The number of patients resistant to trying new ways to control chronic pain has thinned during the last several years, since it became more difficult to get long-term prescriptions for medications that include hydrocodone, OxyContin and fentanyl.
Patients of Bansal willing to try earlier got a leg up on remarkable results. Among them:
- A woman on workers compensation and six prescribed controlled substances after back surgery is drug-free.

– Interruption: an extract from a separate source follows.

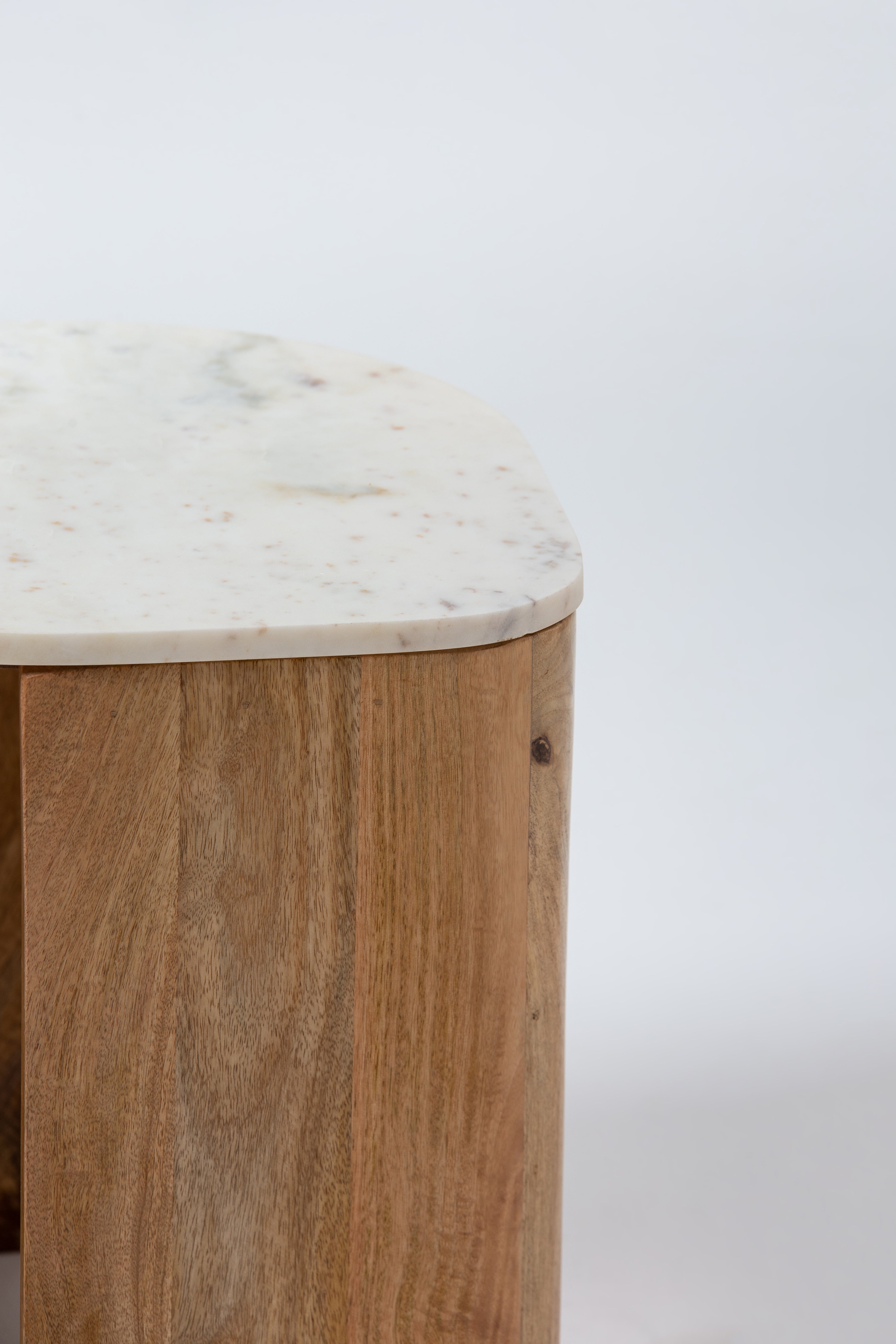 A sleek white marble surface rests on a solid mango wood base, exuding natural elegance and contemporary design. The organic shape and contrasting textures make it a standout piece for modern interiors, perfect as a functional accent or decorative table.

- A man hit by a truck thought he would never golf again after six back and neck surgeries nearly immobilized him. He went back to work part time and hit the links again a decade later after he started seeing Bansal, who “prescribed” stretching therapy.
- A former police officer who suffered a injury on the job – and was on morphine for more than two decades – was walking in his favorite park within three days after his first visit to Bansal, and off his most dreaded prescription drug within three months.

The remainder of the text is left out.